# ABS and ASR light on



## ECPunk (May 16, 2008)

Hi guys,

These lights come on together then go away periodically. I have read that they are associated with at ABS sensors and a poor connection. Is this correct? where are the sensors located? I wil need to check the connections and wiring. What else should i be looking for? Thanks guys


----------



## GTijoejoe (Oct 6, 2001)

ABS sensors are on your outboard axles cups either the axle or bearings on just about every car. If you look for wiring going to the knuckle/spindles, you'll find them


----------



## ECPunk (May 16, 2008)

GTijoejoe said:


> ABS sensors are on your outboard axles cups either the axle or bearings on just about every car. If you look for wiring going to the knuckle/spindles, you'll find them


For some reason i must have missed them. I thought i only saw one sensor cable running to the hub for the brake pads sensors. I knew it had to be there. its a little more obvious on my jeep with big tone rings and sensors. 

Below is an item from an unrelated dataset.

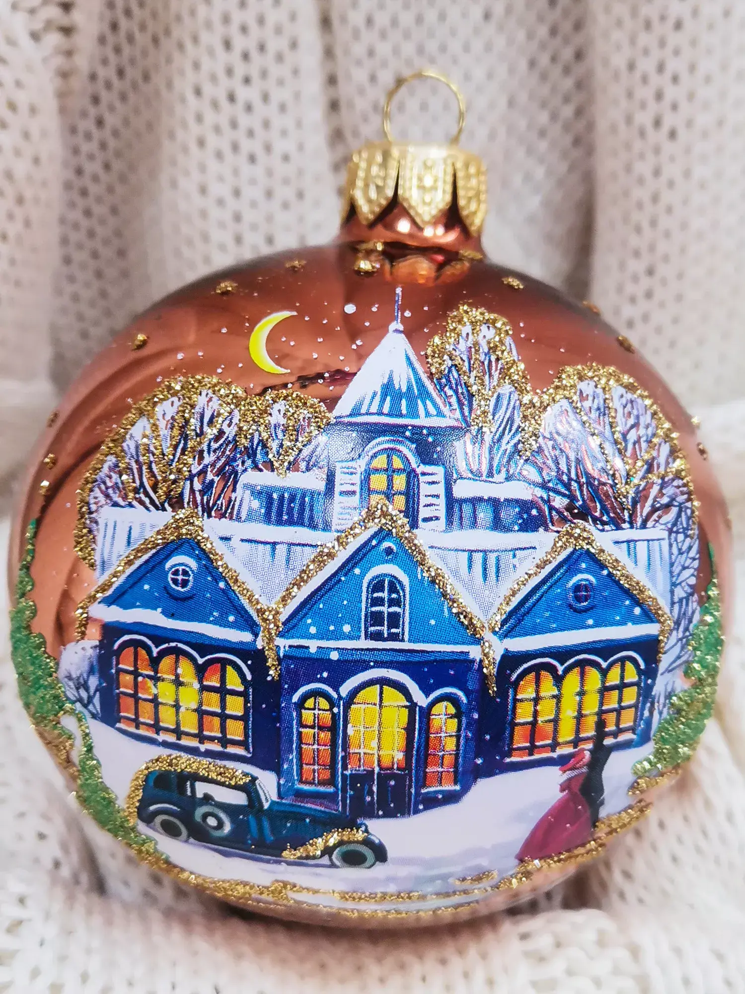 Если вы неравнодушны к роскоши, то непременно оцените по достоинству елочный шар «Рождественская ночь». Великолепный ночной 3D-пейзаж поразит вас и ваших гостей в самое сердце! Заснеженные дома и деревья, сугробы белоснежного снега на фоне золотого неба просто нереально хороши! Изделие смотрится очень богато и сделает честь даже королевскому дворцу.

What other causes are should i look into for the ABS and ASR lights to be on?


----------



## GTijoejoe (Oct 6, 2001)

Faulty modulator... in one shape or form being from electronics or the actual unit. 90% of the time he has something to do with the ABS sensing system... encoders or abs sensor.


----------



## ECPunk (May 16, 2008)

it has to be something loose, bad connections, or a sesnor working intermittantly, because the lights are off again. They have been off for two days now. I need to get under there and check. Tomorrow is the first dry day I will have had in a week. I hope to have time tomorrow.


----------



## sigmoidfrond (Jun 15, 2006)

Does anyone have a procedure for chasing down which wire or sensor? Haynes manual says to go to a dealer but I'm a bit tired of that kind of $. I can do the mechanics but am always flummoxed by the electrical.

I have a similar problem: ABS light comes on and brakes work old-school. ABS light goes off and they work like they should. Comes and goes, so I'm pretty sure it's a bad wire, but unless it's an obvious break I can't see it. Any word on how to test continuity on these sensors, or at least a technical bulletin?


----------